Task brief
The records that follow are to be given again exactly, with their pictures omitted.

Source material
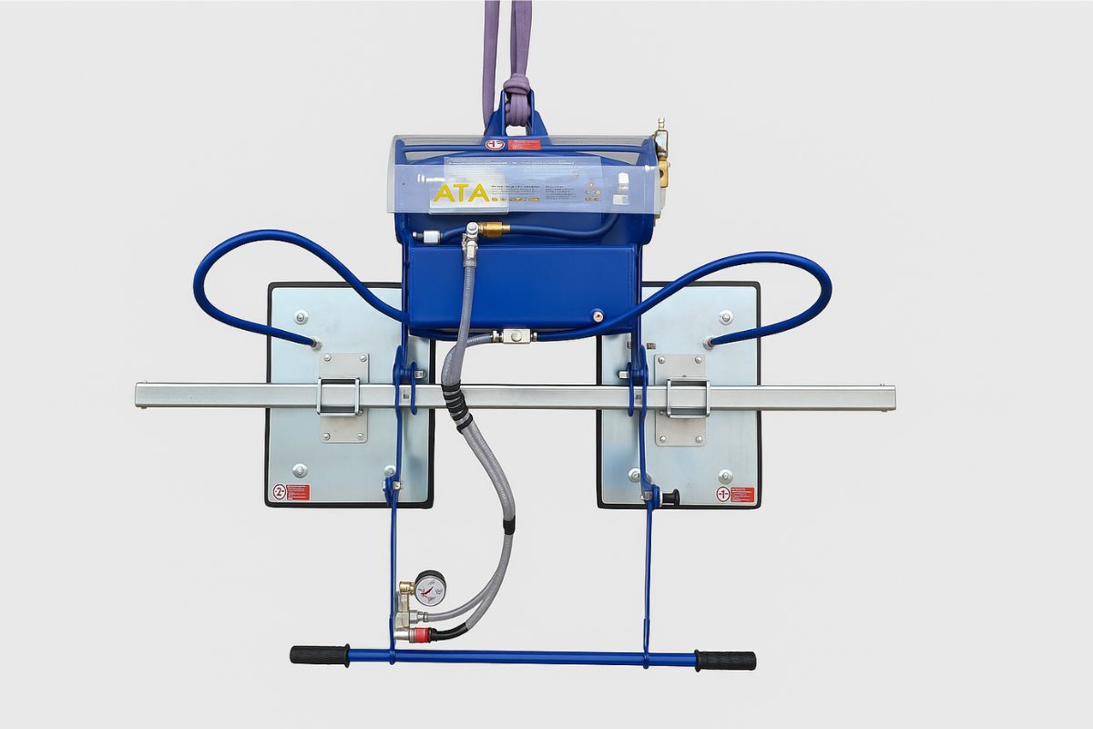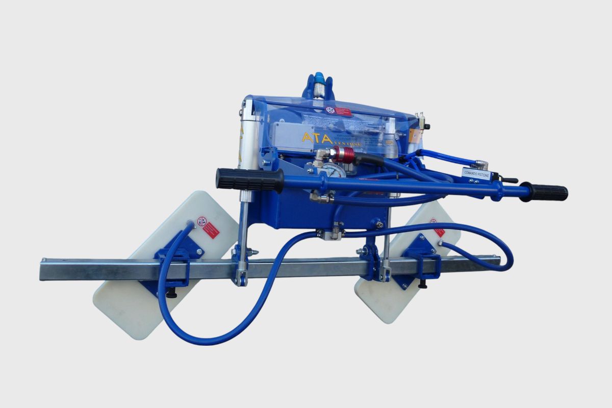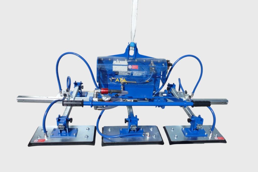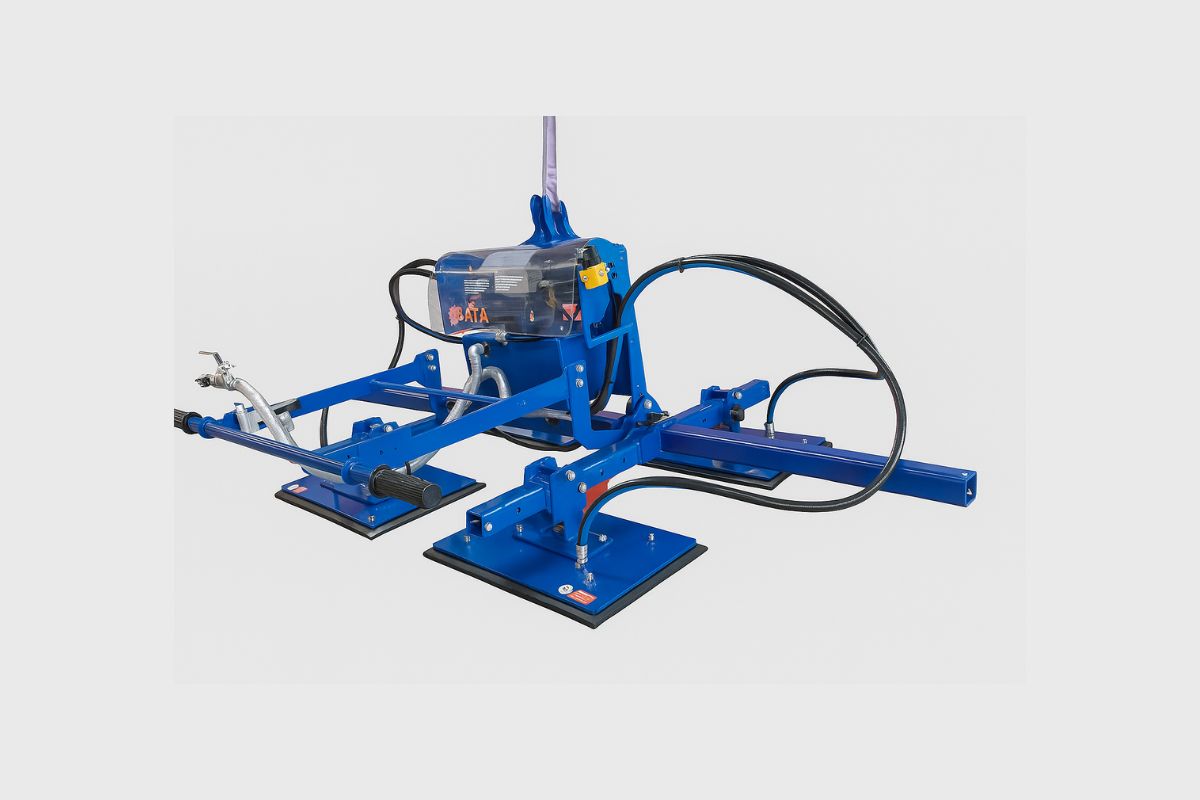 Ventosa con alimentazione elettrica o autonoma a batteria dotata di quattro piastre aspiranti posizionate su due croci mobili, regolabili lungo il tubolare principale. Questa tipologia di ventosa è particolarmente indicata per lamiere di dimensioni medie e con spessore fine. Le piastre aspiranti sono dotate di supporti a molla per agevolare la presa.
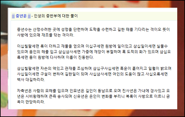 (9) 초년, 중년, 말년 운세보기
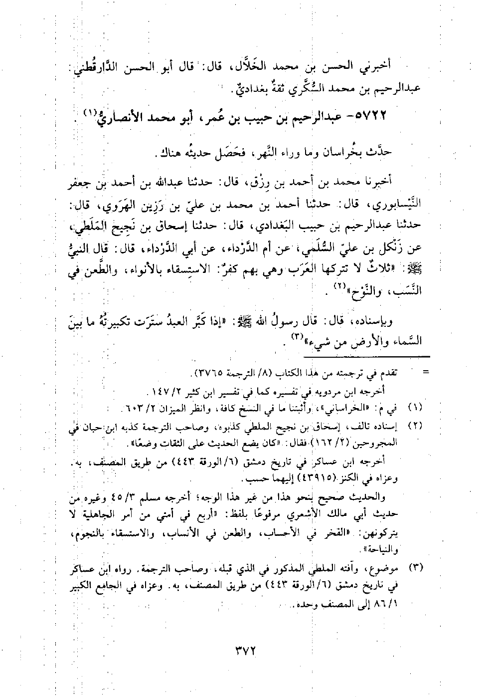 5722 - عبد الرحيم بن حبيب بن عمر، أبو محمد الْأَنْصَارِيّ حدث بخراسان وما وراء النهر فحصل حديثه هناك.
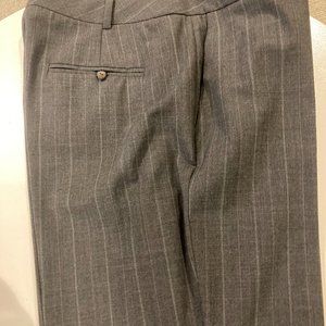 Straight leg pinstripe pants (light pink & beige stripes) on a gray background. Excellent condition. Only flaw is fraying on the inside tags (see pics). Smoke free home.
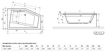 VESPER Wanna akrylowa asymetryczna P 160x100 cm , biała
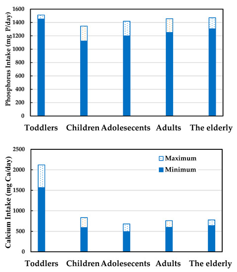 Intake scenario of phosphorus: as shown in Figure 2, the phosphorus intake of the population ranged from 1122.5 to 1511.8 mg P/day. The group with the highest phosphorus intake was the toddler group, with an intake from 1452.0 to 1511.8 mg P/day. The group with the lowest phosphorus intake was the group of children, with an intake from 1122.5 to 1345.6 mg P/day. The phosphorus intakes of all groups were higher than the AI but lower than the UL value, so there was no significant risk. The solid bars represent the minimum intake, and the hollow bars represent the maximum intake in Figure 2. The intake of phosphorus shows an increasing trend compared with the past. As reported in one study, the daily phosphorus intake of adults aged 19–64 years old between 1993 and 1996 was 1087 mg for males and 858 mg for females [2]. Wu et al. [2] and this study show that the main sources of dietary phosphorus for adults aged 19–64 years old were broken and flaked grains and fresh raw meats from livestock, poultry, and exotic animals, indicating that the dietary structure of the population has not changed fundamentally in recent years. The reason phosphorus intake has increased is possibly related to changes in the dietary proportion. As indicated in the dietary and nutritional status of Taiwan announced by the Ministry of Health and Welfare, the protein intake of the population at the current moment has grown significantly compared with the period between 1993 and 1996. This may be the reason for the increase in the phosphorus intake of the population. Moreover, the widespread use of phosphates cannot be ruled out as a cause of the increase in total phosphorus content in the diet.
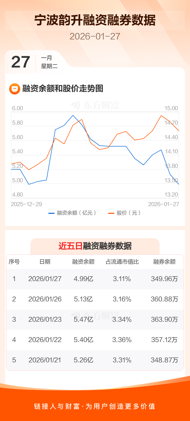 交易所最新数据显示,宁波韵升于2026年1月27日获融资买入4646.32万元,融资偿还6072.80万元,当日融资净偿还1426.48万元。目前,该股融资余额4.99亿,占流通市值比例为3.11%。
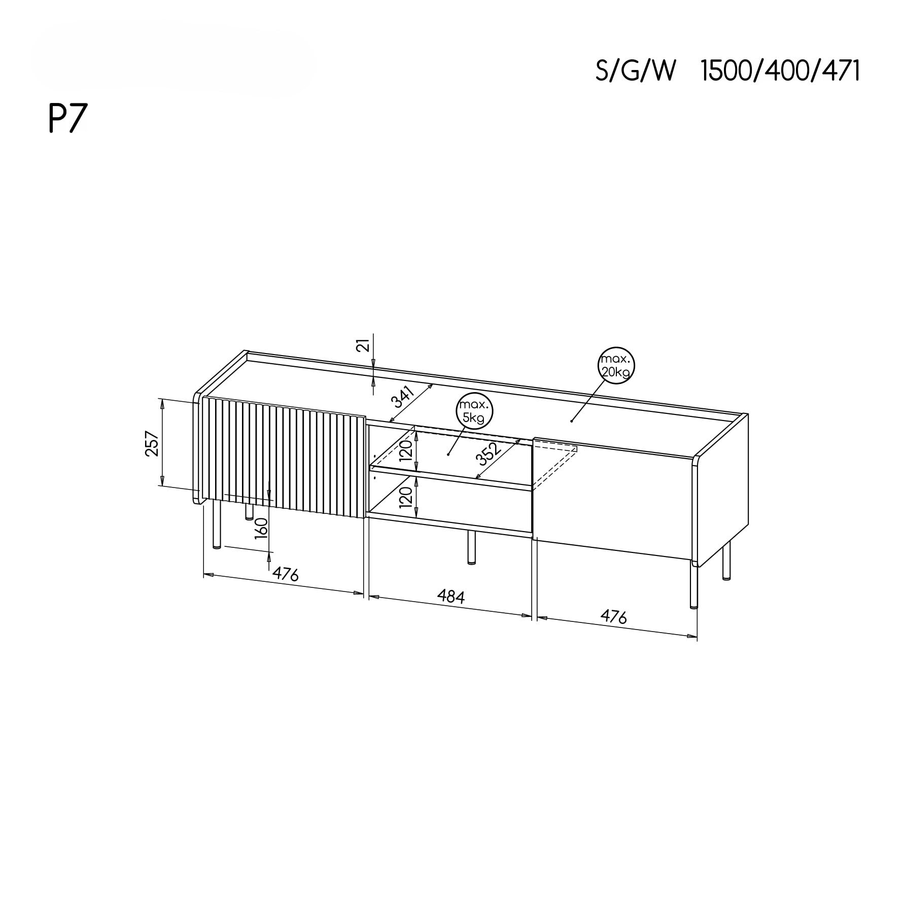 - Dimensions : H : 47 cm / L : 150 cm / P : 40 cm Données de transport : Box1 : 24.8kg 43 x 159.5 x 9 cm
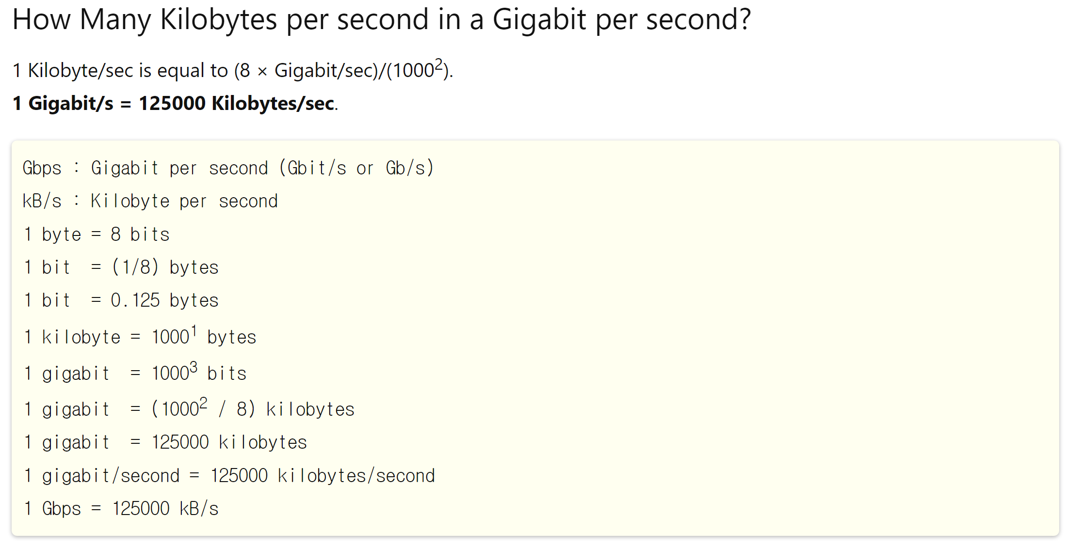 Gbps 와 GBps 를 보자면 슬쩍 보면 정말 비슷하다. 별생각없이 그냥 풀면 틀리기 쉽다.

Expected answer
 Ventosa con alimentazione elettrica o autonoma a batteria dotata di quattro piastre aspiranti posizionate su due croci mobili, regolabili lungo il tubolare principale. Questa tipologia di ventosa è particolarmente indicata per lamiere di dimensioni medie e con spessore fine. Le piastre aspiranti sono dotate di supporti a molla per agevolare la presa.
 (9) 초년, 중년, 말년 운세보기
 5722 - عبد الرحيم بن حبيب بن عمر، أبو محمد الْأَنْصَارِيّ حدث بخراسان وما وراء النهر فحصل حديثه هناك.
 Straight leg pinstripe pants (light pink & beige stripes) on a gray background. Excellent condition. Only flaw is fraying on the inside tags (see pics). Smoke free home.
 VESPER Wanna akrylowa asymetryczna P 160x100 cm , biała
 Intake scenario of phosphorus: as shown in Figure 2, the phosphorus intake of the population ranged from 1122.5 to 1511.8 mg P/day. The group with the highest phosphorus intake was the toddler group, with an intake from 1452.0 to 1511.8 mg P/day. The group with the lowest phosphorus intake was the group of children, with an intake from 1122.5 to 1345.6 mg P/day. The phosphorus intakes of all groups were higher than the AI but lower than the UL value, so there was no significant risk. The solid bars represent the minimum intake, and the hollow bars represent the maximum intake in Figure 2. The intake of phosphorus shows an increasing trend compared with the past. As reported in one study, the daily phosphorus intake of adults aged 19–64 years old between 1993 and 1996 was 1087 mg for males and 858 mg for females [2]. Wu et al. [2] and this study show that the main sources of dietary phosphorus for adults aged 19–64 years old were broken and flaked grains and fresh raw meats from livestock, poultry, and exotic animals, indicating that the dietary structure of the population has not changed fundamentally in recent years. The reason phosphorus intake has increased is possibly related to changes in the dietary proportion. As indicated in the dietary and nutritional status of Taiwan announced by the Ministry of Health and Welfare, the protein intake of the population at the current moment has grown significantly compared with the period between 1993 and 1996. This may be the reason for the increase in the phosphorus intake of the population. Moreover, the widespread use of phosphates cannot be ruled out as a cause of the increase in total phosphorus content in the diet.
 交易所最新数据显示,宁波韵升于2026年1月27日获融资买入4646.32万元,融资偿还6072.80万元,当日融资净偿还1426.48万元。目前,该股融资余额4.99亿,占流通市值比例为3.11%。
 - Dimensions : H : 47 cm / L : 150 cm / P : 40 cm Données de transport : Box1 : 24.8kg 43 x 159.5 x 9 cm
 Gbps 와 GBps 를 보자면 슬쩍 보면 정말 비슷하다. 별생각없이 그냥 풀면 틀리기 쉽다.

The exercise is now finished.